What Worked (and What Didn't)

The explosive adoption revealed what product-market fit actually looks like in consumer products. As Nikita puts it, "If your product's working, you'll know. And there if there's any uncertainty, it's not working." At TBH's peak, the app was hitting 360,000 installs per day. The key mechanics worked: positive-only feedback, anonymity with named recipients, and a frictionless polling interface. The geofencing decision—which seemed counterintuitive—actually gave the team breathing room to maintain stability and prepare for the next wave. Within nine weeks of launch, TBH had become a multi-bidder acquisition target. Nikita demonstrated the app's dominance to potential acquirers with a real-time map dashboard showing installs lighting up entire city blocks in real time.

Where They Are Now

Nikita Beer sold TBH to Facebook for over $30 million, joining the company as a product manager in its youth division. Though the four-year tenure at Facebook exposed him to the academic rigor of large-scale product development, he ultimately felt constrained by the separation of product management from design and the difficulty of launching truly novel ideas within organizational structures prioritizing defensibility over experimentation.
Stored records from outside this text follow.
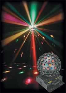 Over 100 multicolored beams! 360-degree rotation. Full room coverage.
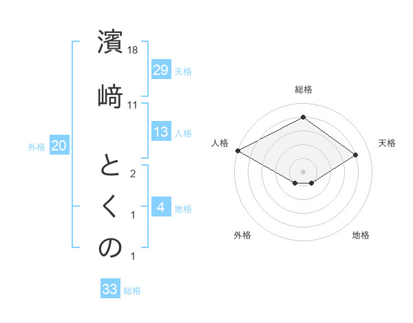 濱﨑 とくのさんを姓名の画数から五運を鑑定
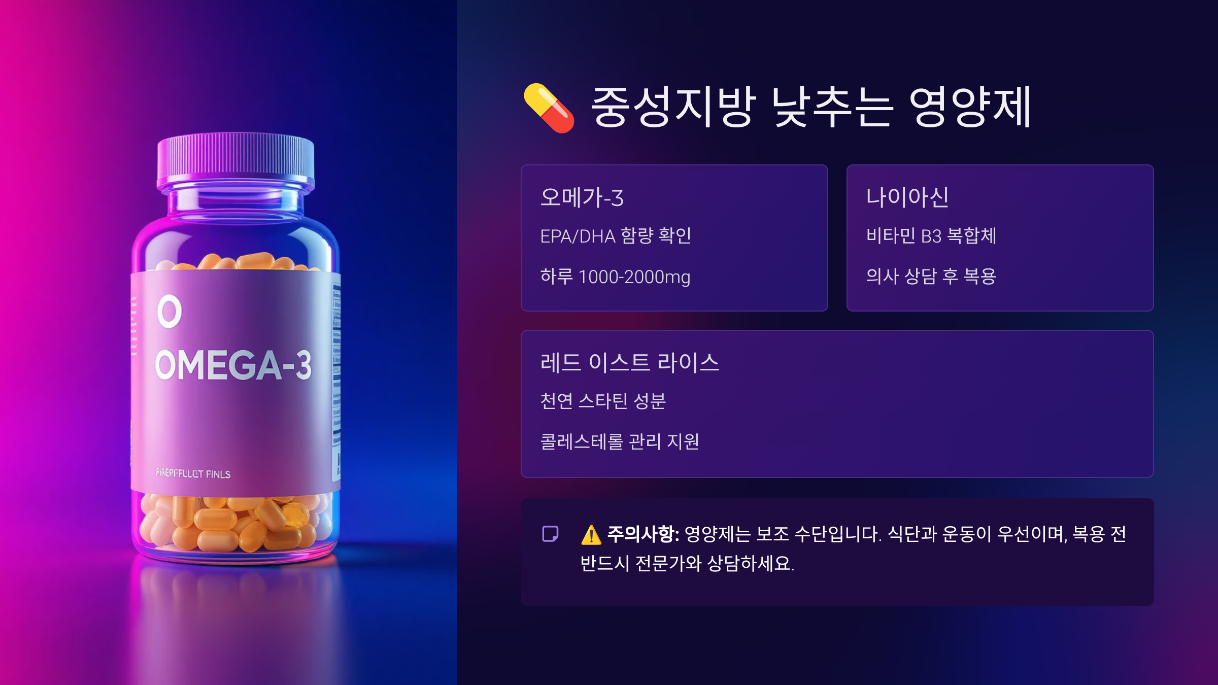 오메가 3은 중성지방 감소에 가장 효과적인 영양제예요. EPA와 DHA 함량이 높은 제품을 선택하세요. 하루 2~4g 섭취하면 중성지방을 20~30% 낮출 수 있어요. 식사와 함께 복용하면 흡수율이 높아지고, 비린내가 나는 트림도 줄일 수 있어요.
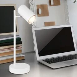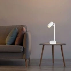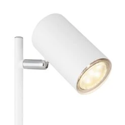 Die aus weißem Metall gefertigte Tischleuchte besteht aus einem runden Metallsockel, an dem ein Stab mit einer schwenkbaren, von Metall ummantelten GU10-Fassung fixiert ist. Diese können mit einem LED-Leuchtmittel Ihrer Wahl bestückt werden, wodurch Sie die Möglichkeit haben, Lichtfarbe und Helligkeit individuell zu bestimmen.
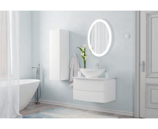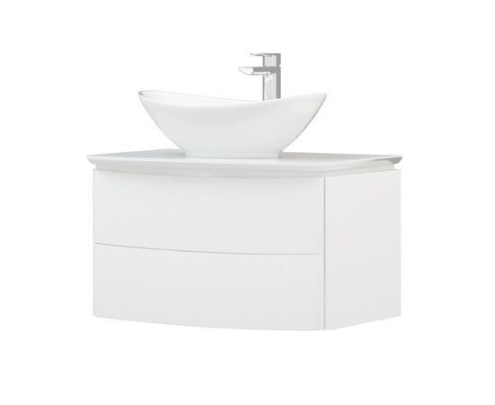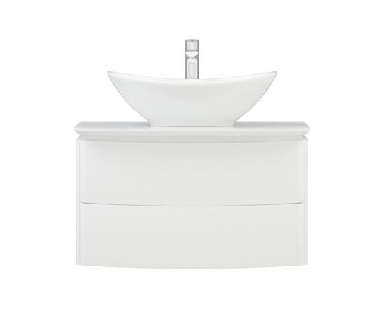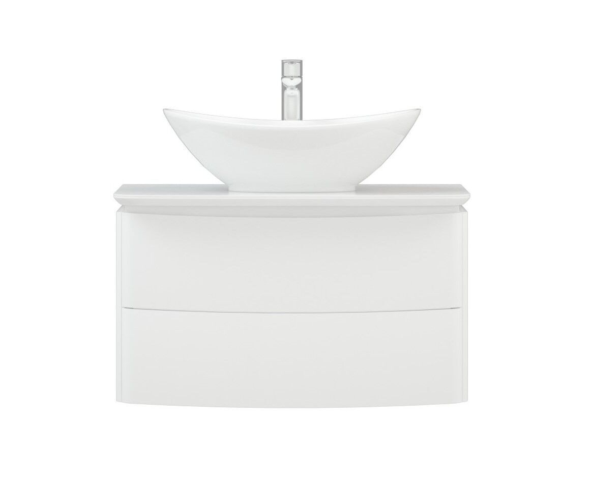 Тумба оснащена 2 выдвижными ящиками размером 100 см на направляющих "push to open". Для открывания нужно нажать на фасад ящика. Сверху на крышке расположена стеклянная крашенная столешница, в которой находятся вырезы для установки раковин в столешнице. Коромысло, фасады, крышка - МДФ в плёнке, корпус - ЛДСП. Имеются подвесы для крепления к стене. Столешница тумбы изготовлена из закаленного стекла толщиной 4 мм. Раковина может быть выбрана на любой вкус.
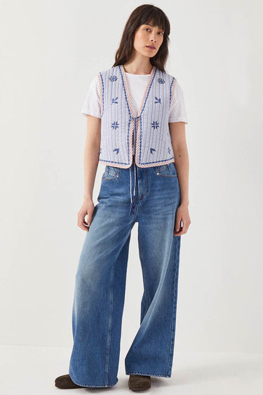 Our lightly quilted embroidered Teleri gilet. Placement floral embroidery on a printed stripe. Embroidery details on the tie with tonal tassel. Gilet is fully reversible.

He would go on to sell his second major app, Gas, to Discord, and became an advisor and investor in companies like Wealthsimple, Citizen, and others.

Why It Worked
  • By identifying a specific frustration with existing anonymous feedback apps (bullying and self-harm) and solving it with a constrained product mechanic (pre-authored positive-only polls), TBH addressed a genuine teenage need that competitors overlooked.
  • Strategic seeding into the earliest-starting high school in the US created a natural launch window and compressed timeline that forced disciplined execution, resulting in a viral feedback loop where 40% of a school adopted the app within 24 hours.
  • The free pricing model combined with frictionless polling mechanics generated extraordinary engagement density (60 messages per user on day one versus 3-4 for typical messaging apps), which signaled product-market fit so clearly that acquisition interest followed within nine weeks.
  • The founder's prior experience shipping 15 different consumer apps taught him when to move fast (two-week launch) versus when to pause growth (geofencing to manage infrastructure costs), enabling sustainable momentum rather than catastrophic failure.
  • Word-of-mouth became the dominant growth channel because the product delivered such concentrated social value within a bounded community that organic peer recommendation was inevitable.
How to Replicate
  • 1.Identify a specific dysfunction in an existing popular product category rather than building a new category—in this case, notice that leading anonymous apps like Sarahah were causing harm, then solve for that explicit problem.
  • 2.Build a constrained product mechanic (positive-only feedback via polls) that removes the variable causing the harm, making the core need achievable without the negative side effects.
  • 3.Find a geographic or demographic cohort with a natural time constraint (earliest-starting school in the US) where you can seed the product to create immediate adoption velocity and test product-market fit under real conditions.
  • 4.Establish clear unit economics from day one and pause growth strategically if infrastructure costs exceed runway—use geofencing or similar constraints to maintain stability while maintaining the viral signal, then fundraise to scale sustainably.
  • 5.Launch with a free model and frictionless interaction pattern (tap pre-authored options rather than type) to maximize daily active user engagement; track engagement density (messages per user) as your primary product-market fit indicator, not just download velocity.